▸ Supplied data:
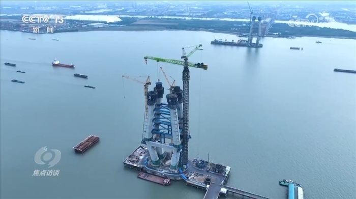 央視網(wǎng)消息(焦點(diǎn)訪談):近些年來(lái),中國(guó)在多個(gè)領(lǐng)域創(chuàng)造了大量的世界之最。這一個(gè)個(gè)的 “世界首次”“世界第一”深刻地改變了中國(guó),也令世界驚嘆。從今天起《焦點(diǎn)訪談》欄目推出“登攀”系列節(jié)目,我們來(lái)看一看中國(guó)奇跡誕生背后的故事。“逢山開(kāi)路、遇水架橋”,這是中國(guó)基建人的日常,他們不斷突破,創(chuàng)造了一個(gè)個(gè)登頂世界之最的基建名場(chǎng)面。今天我們要講的是一座修建當(dāng)中的長(zhǎng)江大橋——位于江蘇常州和泰州之間的常泰長(zhǎng)江大橋,作為世界上在建的最大跨度的公鐵兩用斜拉橋,這座大橋在建設(shè)的過(guò)程當(dāng)中遇到了很多困難,也頻頻上演著突破和創(chuàng)新。
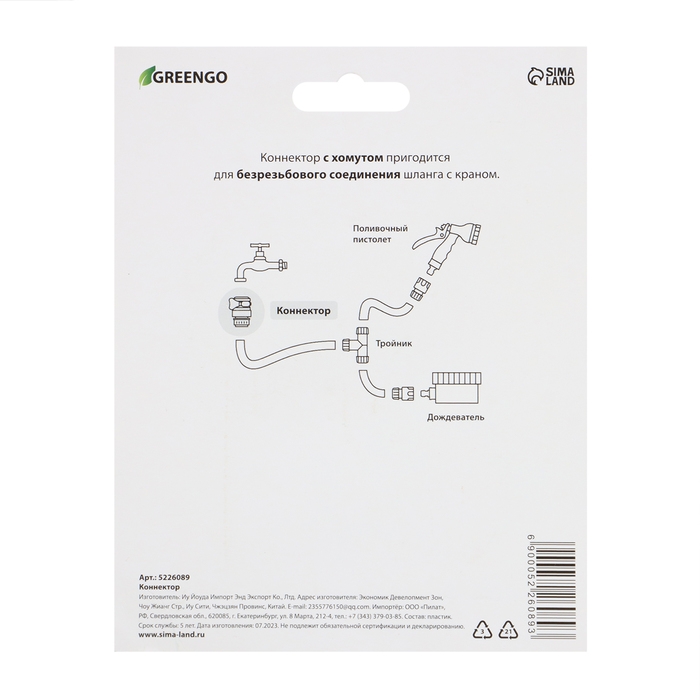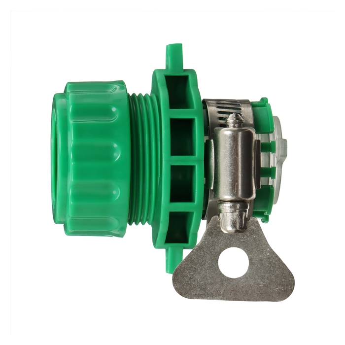 Коннектор, 3/4" (19 мм), с креплением на кран 3/4" (19 мм), с хомутом, пластик, резина, Greengo
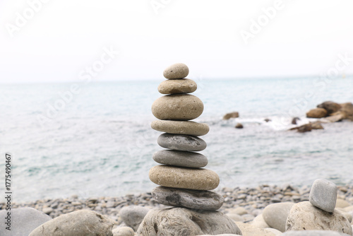 Fototapeta premium Balanced stones stacked on the beach with calm sea background, symbolizing...
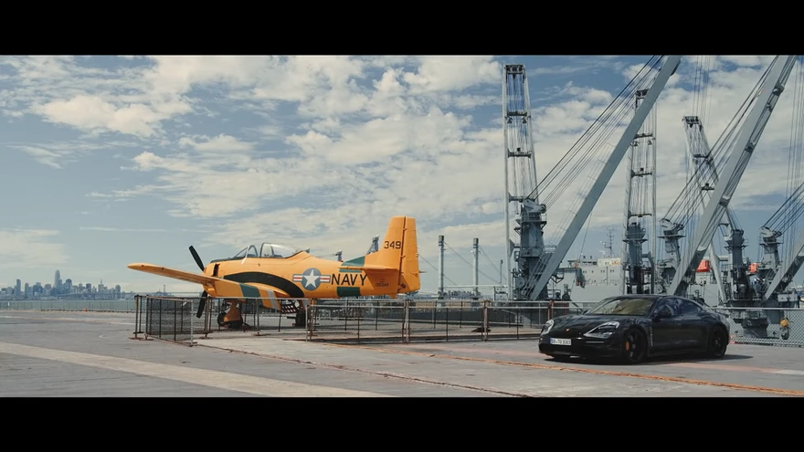 Porsche Taycan lennukikandja pardal. | foto: Kuvatõmmis /YoutubePorsche uhiuus elektriauto Taycan demonstreeris lennukikandja USS Hornet pardal oma esmlassilist dünaamikat, suutes lennurajal kiirendada 145 kilomeetrini tunnis ja siis enne üle parda lendamist taas seisma jääda.

▸ Aim of the exercise:
Copy nothing but the lines from the one containing "Fototapeta premium Balanced" through the last line of the listing above, transcribed exactly and with no pictures.

▸ Result:
 Fototapeta premium Balanced stones stacked on the beach with calm sea background, symbolizing...
 Porsche Taycan lennukikandja pardal. | foto: Kuvatõmmis /YoutubePorsche uhiuus elektriauto Taycan demonstreeris lennukikandja USS Hornet pardal oma esmlassilist dünaamikat, suutes lennurajal kiirendada 145 kilomeetrini tunnis ja siis enne üle parda lendamist taas seisma jääda.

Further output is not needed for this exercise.